I really recommend clicker training in this case because it is so much fun for the dog to learn that way. Once she associates the clicker with yummy treats, just click her whenever she comes to you or click her while you bet her. It's a really good way to communicate with her exactly what you like& want.


----------



## GoldenJoyx'stwo (Feb 25, 2007)

She's adorable! My first thought was keeping her on the end of the leash so she has an open invitation to spend more time with you.


----------



## Bailey & Charlies Mom (Jan 27, 2009)

First off, what a cutie! My Bailey was very shy and kept to herself when I brought her home too. I'll never forget the look of fear on her face when the breeder gave her to me. As soon as I got her home I spent alot of time on the floor with her just talking to her and playing with her toys. I also hand feed her for a few weeks. I took her everywhere to meet new people. She came around slowly and became a very outgoing and loving adult dog. Some just need more time than others. Best of luck


----------



## fostermom (Sep 6, 2007)

It could be that she is mellow, but it could also be that she really missed out on socialization with people.
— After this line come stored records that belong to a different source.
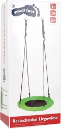 A zöld SMALL FOOT gólyafészek függőhinta bármely kertet, teraszt vagy gyerekszobát a nyugalom és a szórakozás oázisává varázsol. Puha, kényelmes pereme és kerek formája biztonságos, meghitt helyet nyújt olvasáshoz, pihenéshez és hintázáshoz. A fém karikák megkönnyítik a gyors felakasztást, a tartós anyagok pedig hosszú élettartamot biztosítanak.
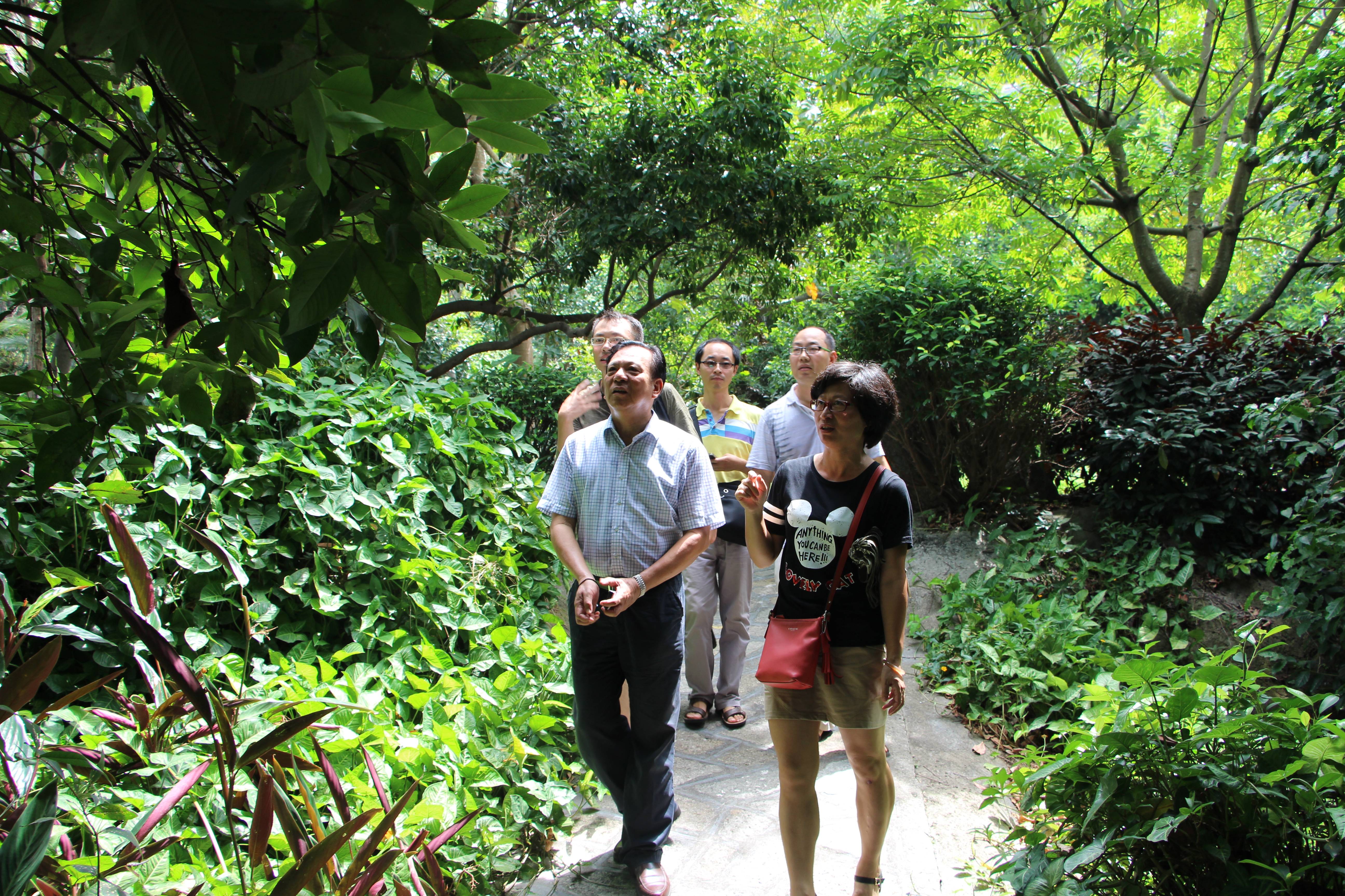 会谈过后,康龙泉主任与引种园的刘韶松博士刘育梅博士陪同卢昌义院长一行考察了引种园的观赏植物区、果用药用植物区及实习生/研究生公寓。
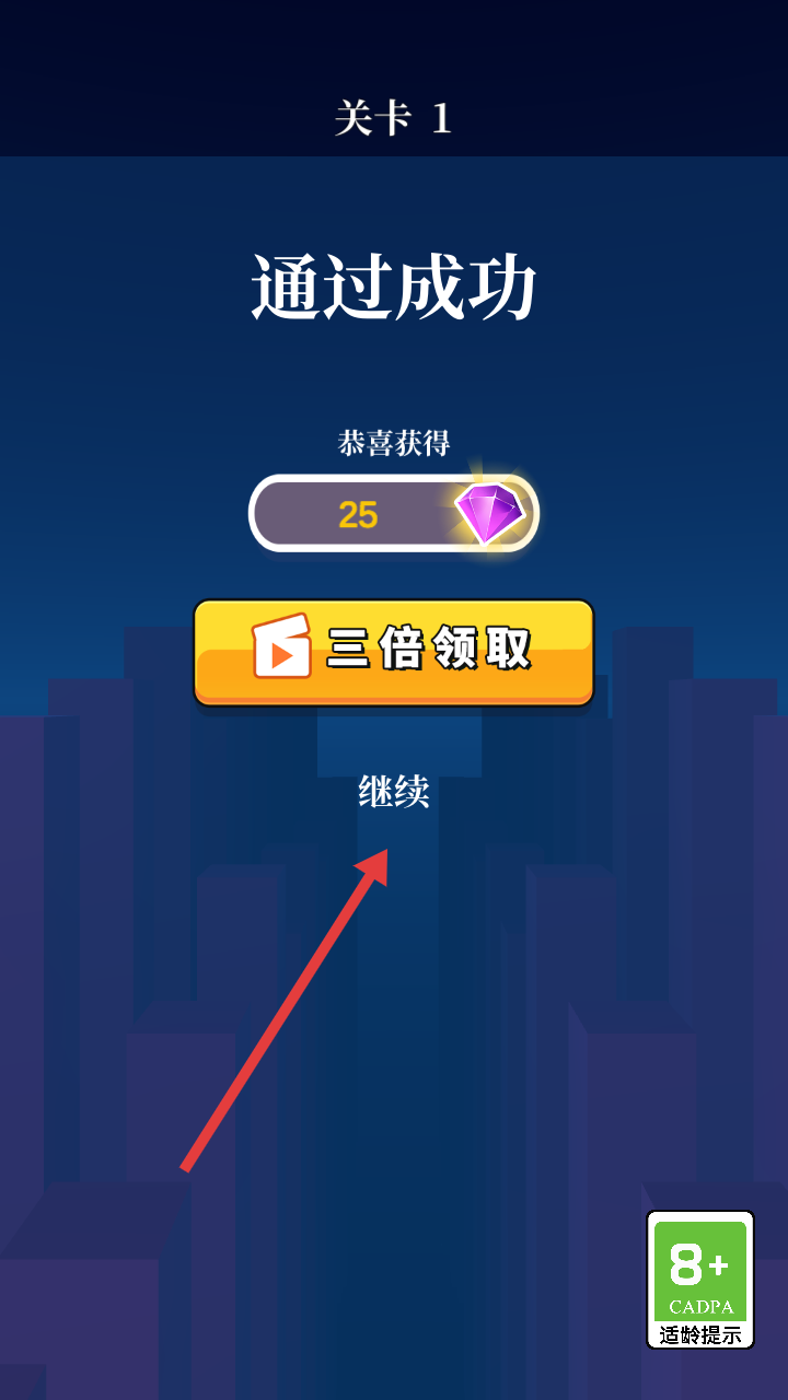 3、成功通关后,可选择看广告三倍领取钻石,或点击继续进入下一关,积累钻石解锁更多内容。

A lot of what you are describing (falling asleep in the shopping cart, acting really mellow in class) could actually be her shutting down because she is so overwhelmed. I have had several foster puppies who acted that way, and the one I have now is an extreme case.

I disagree with keeping her away from your other dog. A puppy that is undersocialized take a lot of their cues from other dogs. You need to make sure that you give your dog a lot of love and affection in front of the puppy, make being around you the best thing in the whole world for your other dog. The puppy will follow. See how the puppy reacts when you take her to the petstore when you have your dog with you. I think you will see that she is braver and won't go to sleep to keep the bad things away. 

I take my foster puppy to work with me a couple of times a week. Fortunately, the majority of my coworkers are dog lovers and will come to my office to give him treats. When I bring Jasper along with the puppy, the puppy will actually approach my coworkers because Jasper does.


----------



## Lucky's mom (Nov 4, 2005)

Lucky was an excessive play-biter (we couldn't touch him), chewed anything within reach and was in general destructive. But he didnt seem particularly "people-loving" and didn't even like to be petted or cuddled. I tell ya...he didn't seem like a "normal' puppy to me either. 

Lucky didn't have a fenced yard to run in so he was always on leash. Any interaction had to be with us. We had no dogs to play with. I think if he had a dog to run around with...he would have been much more calm and tired.

His personality really did change with maturity...he's the classic lovable, huggable, people loving dog now. He was about 7 or 8 months when I started to see changes. Don't know how "normal" that is...but he sure is my lovie, dovie now.

In my opinion, I think a month is just too short of time to really acertain your pups personality. 

She sure is adorable!!!!!


----------



## bwoz (Jul 12, 2007)

She's adorable. I had a very fearful shepherd pup and I know how frustrating it can be. I'd suggest tethering her to you and just go on with your normal activities in the house. Crate her when you go out. Hand feed her meals and give her yummy treats. And just do what you're doing, love her and be kind and gentle. You ruled out the health part, so she just may be very shy. You could ask the advice of positive based trainers if possible. Good luck to you and keep us posted.


----------